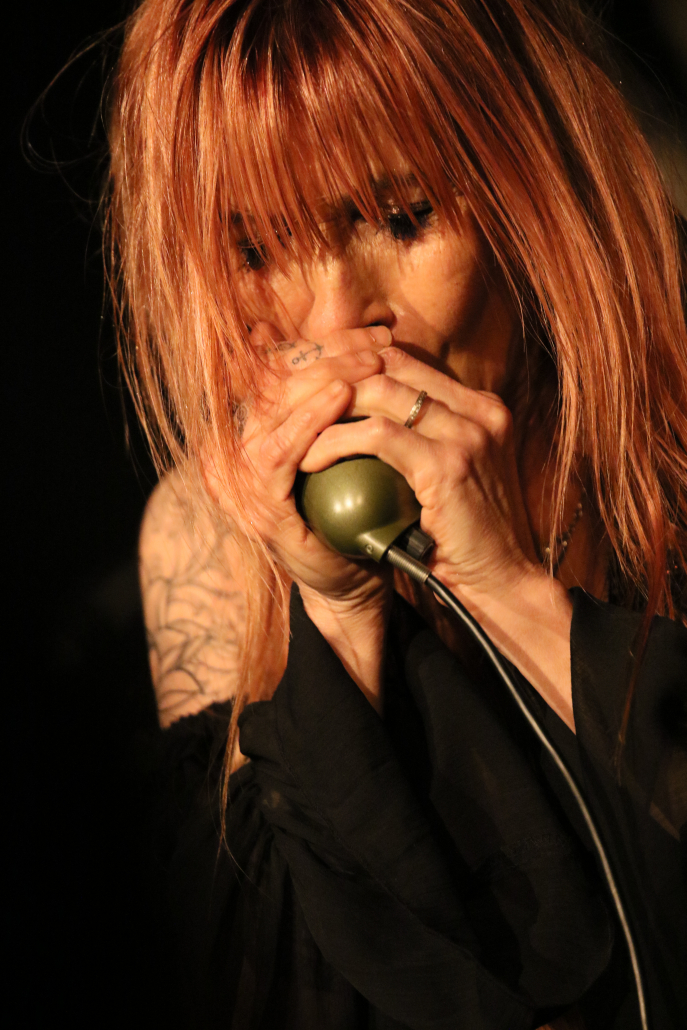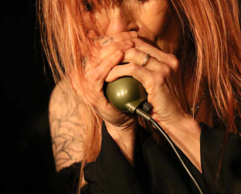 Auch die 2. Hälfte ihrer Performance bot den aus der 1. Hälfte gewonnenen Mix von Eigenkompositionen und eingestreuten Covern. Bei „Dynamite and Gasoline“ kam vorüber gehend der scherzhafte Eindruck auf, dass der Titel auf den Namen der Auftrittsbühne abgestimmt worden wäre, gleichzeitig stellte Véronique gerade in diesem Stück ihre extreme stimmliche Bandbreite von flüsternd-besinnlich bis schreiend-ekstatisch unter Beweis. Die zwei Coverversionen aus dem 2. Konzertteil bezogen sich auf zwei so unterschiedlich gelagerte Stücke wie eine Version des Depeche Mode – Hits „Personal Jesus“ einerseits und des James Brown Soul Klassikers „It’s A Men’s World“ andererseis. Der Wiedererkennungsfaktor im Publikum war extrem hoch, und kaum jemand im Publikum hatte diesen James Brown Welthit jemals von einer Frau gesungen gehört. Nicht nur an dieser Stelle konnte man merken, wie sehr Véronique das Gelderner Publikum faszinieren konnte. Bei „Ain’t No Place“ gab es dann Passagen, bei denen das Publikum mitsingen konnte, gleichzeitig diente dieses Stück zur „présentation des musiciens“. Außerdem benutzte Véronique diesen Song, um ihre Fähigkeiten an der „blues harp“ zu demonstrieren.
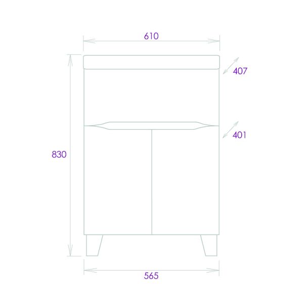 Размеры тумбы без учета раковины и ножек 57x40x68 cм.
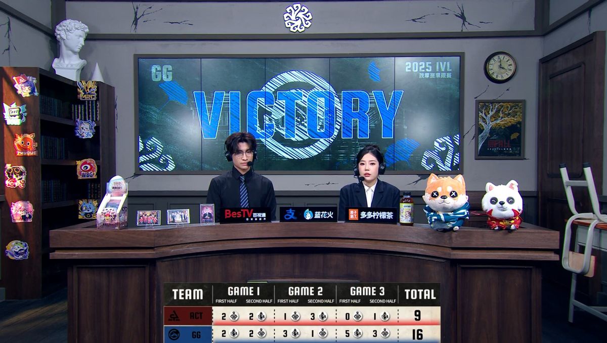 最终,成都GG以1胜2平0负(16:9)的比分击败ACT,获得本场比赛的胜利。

==

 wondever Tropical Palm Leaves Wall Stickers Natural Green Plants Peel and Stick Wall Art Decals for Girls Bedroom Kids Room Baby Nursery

- What you should do -
Look above for the line with "Размеры тумбы без"; quote it and every line after it, stopping after the line with "最终,成都GG以1胜2平0负(16:9)的比分击败ACT,获得本场比赛的胜利。", exactly, with nothing added and without pictures.

- Answer to this problem -
 Размеры тумбы без учета раковины и ножек 57x40x68 cм.
 最终,成都GG以1胜2平0负(16:9)的比分击败ACT,获得本场比赛的胜利。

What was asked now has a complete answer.